Neutrality of Money - Views

Views

Many economists maintain that money neutrality is a good approximation for how the economy behaves over long periods of time but that in the short run monetary-disequilibrium theory applies, such that the nominal money supply would affect output. One argument is that prices and especially wages are sticky (because of menu costs, etc.), and cannot be adjusted immediately to an unexpected change in the money supply. An alternative explanation for real economic effects of money supply changes is not that people cannot change prices but that they do not realize that it is in their interest to do so. The bounded rationality approach suggests that small contractions in the money supply are not taken into account when individuals sell their houses or look for work, and that they will therefore spend longer searching for a completed contract than without the monetary contraction. Furthermore, the floor on nominal wages changes imposed by most companies is observed to be zero: an arbitrary number by the theory of monetary neutrality but a psychological threshold due to money illusion.

The New Keynesian research program in particular emphasizes models in which money is not neutral in the short run, and therefore monetary policy can affect the real economy.
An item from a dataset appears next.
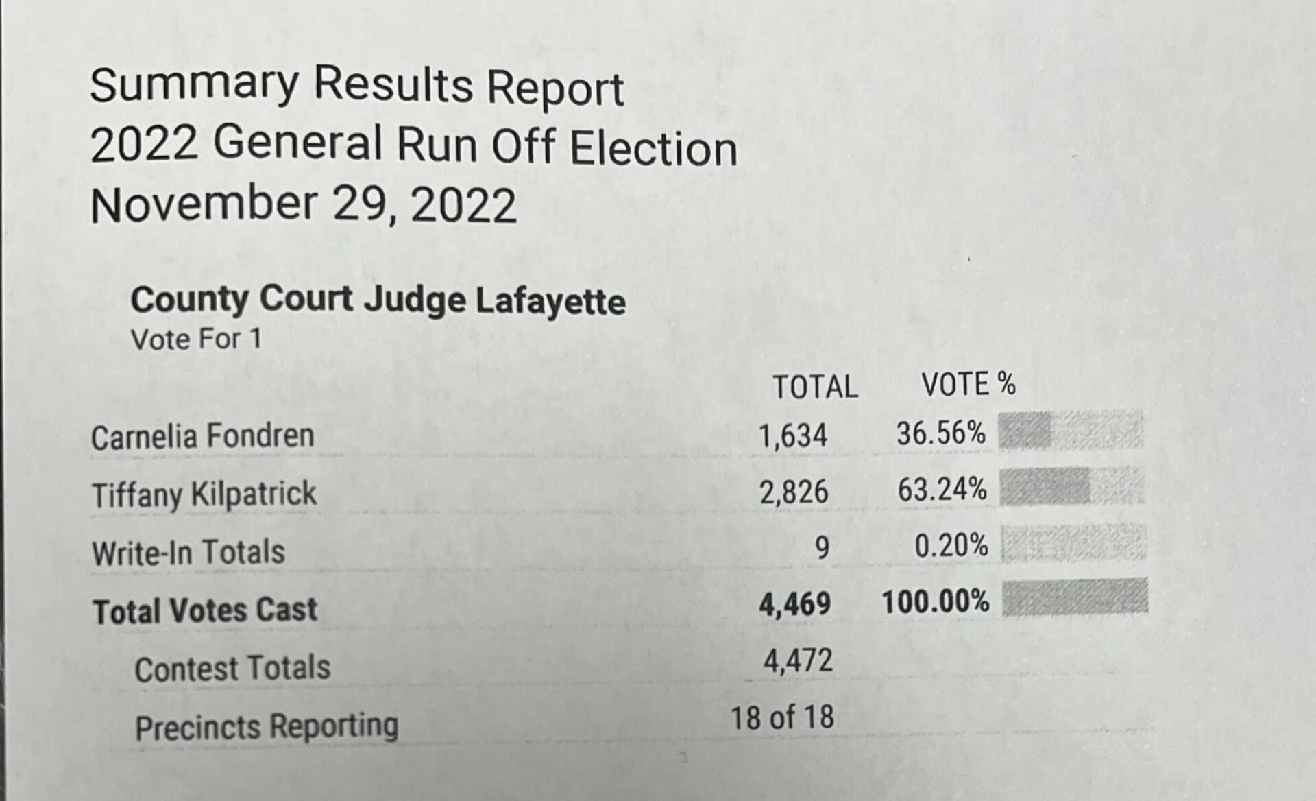 percent of Lafayette County’s 36K+ registered voters cast votes for County Judge.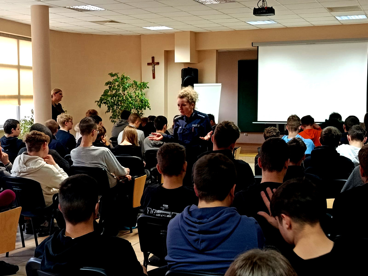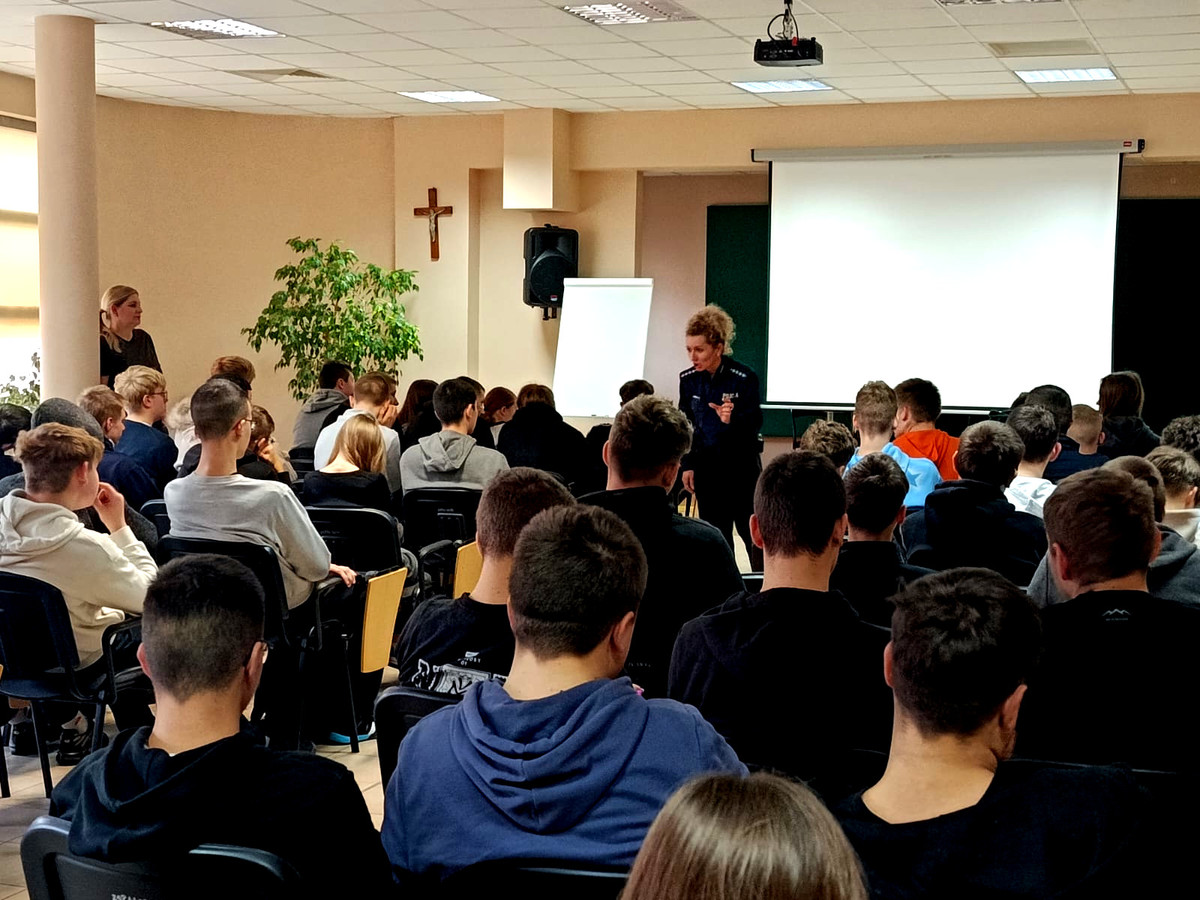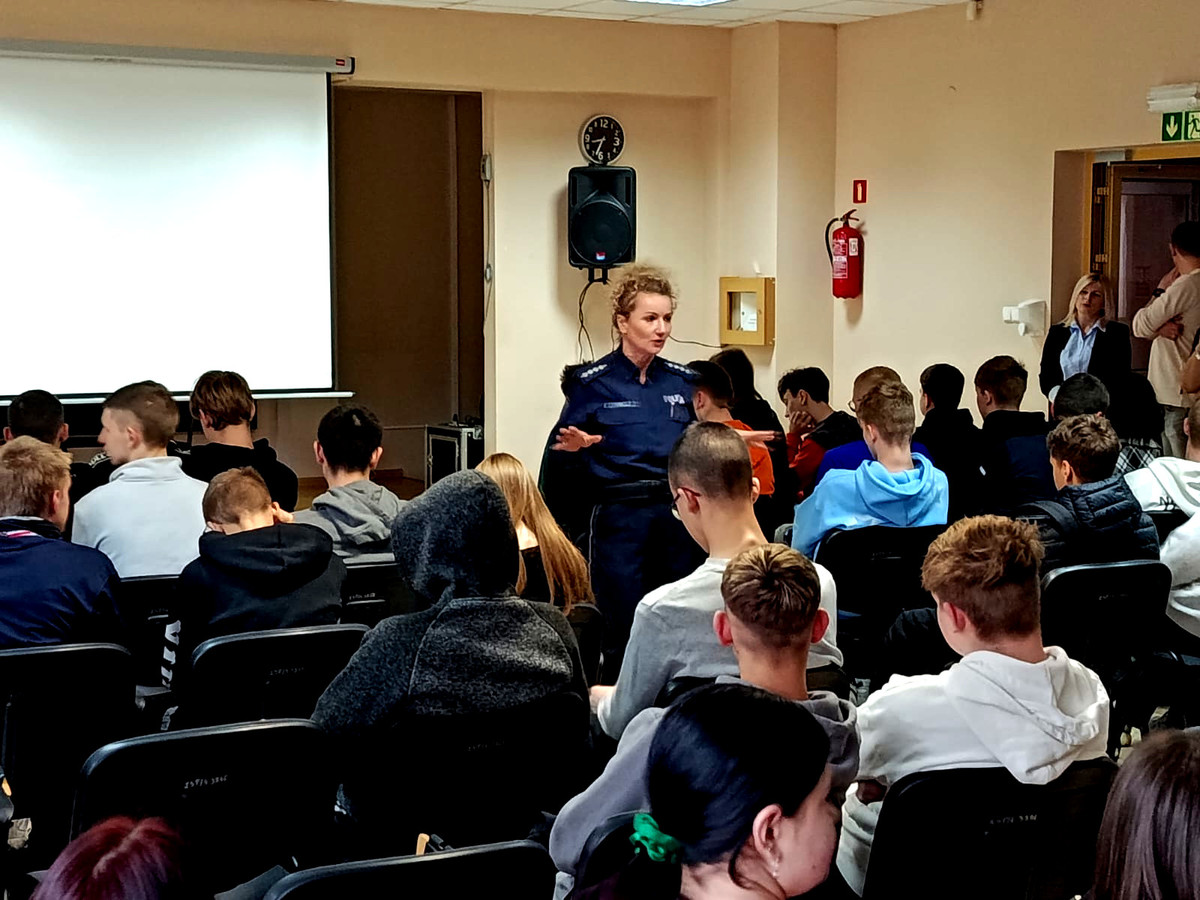 12 listopada 2025 roku policjantka piotrkowskiej komendy spotkała się z uczniami Zespołu Szkół Ponadpodstawowych nr 4 w Piotrkowie Trybunalskim. Podczas pogadanki młodzież usłyszała czym różni się zwykły konflikt od mowy nienawiści i hejtu. Funkcjonariuszka podkreśliła, że internet nie jest przestrzenią anonimową, a treści publikowane w mediach społecznościowych mogą stać się dowodami w postępowaniu prawnym. Asp. szt. Katarzyna Dębińska omówiła skutki psychologiczne, które mogą towarzyszyć ofiarom hejtu, takie jak przewlekły stres, izolacja, poczucie odrzucenia, obniżenie poczucia własnej wartości czy depresja oraz myśli samobójcze. Policjantka szczegółowo wyjaśniła obowiązujące przepisy dotyczące odpowiedzialności prawnej osób małoletnich. Uczniowie dowiedzieli się również, że czyny takie jak kradzież, rozbój, wymuszenia, szantaż, groźby karalne, udostępnianie lub sprzedaż narkotyków, dopalaczy czy alkoholu osobom nieletnim są przestępstwami zagrożonymi poważnymi konsekwencjami, bez względu na miejsce ich popełnienia. W dalszej części spotkania funkcjonariuszka omówiła zagadnienie związane z substancjami psychoaktywnymi, ze szczególnym zwróceniem uwagi na niebezpieczeństwo używania dopalaczy, tabletek eksperymentalnych i marihuany syntetycznej. Zwróciła uwagę, że sprzedaż narkotyków osobom nieletnim jest przestępstwem traktowanym przez prawo szczególnie surowo. Przypomniała, że nawet jednorazowe użycie substancji psychoaktywnych może skutkować trwałymi uszkodzeniami zdrowia, uzależnieniem lub zagrożeniem życia.

Post-Keynesian economics and monetary circuit theory reject the neutrality of money, instead emphasizing the role that bank lending and credit play in the creation of bank money. Post-Keynesians also emphasize the role that nominal debt plays: since the nominal amount of debt is not in general linked to inflation, inflation erodes the real value of nominal debt, and deflation increases it, causing real economic effects, as in debt-deflation.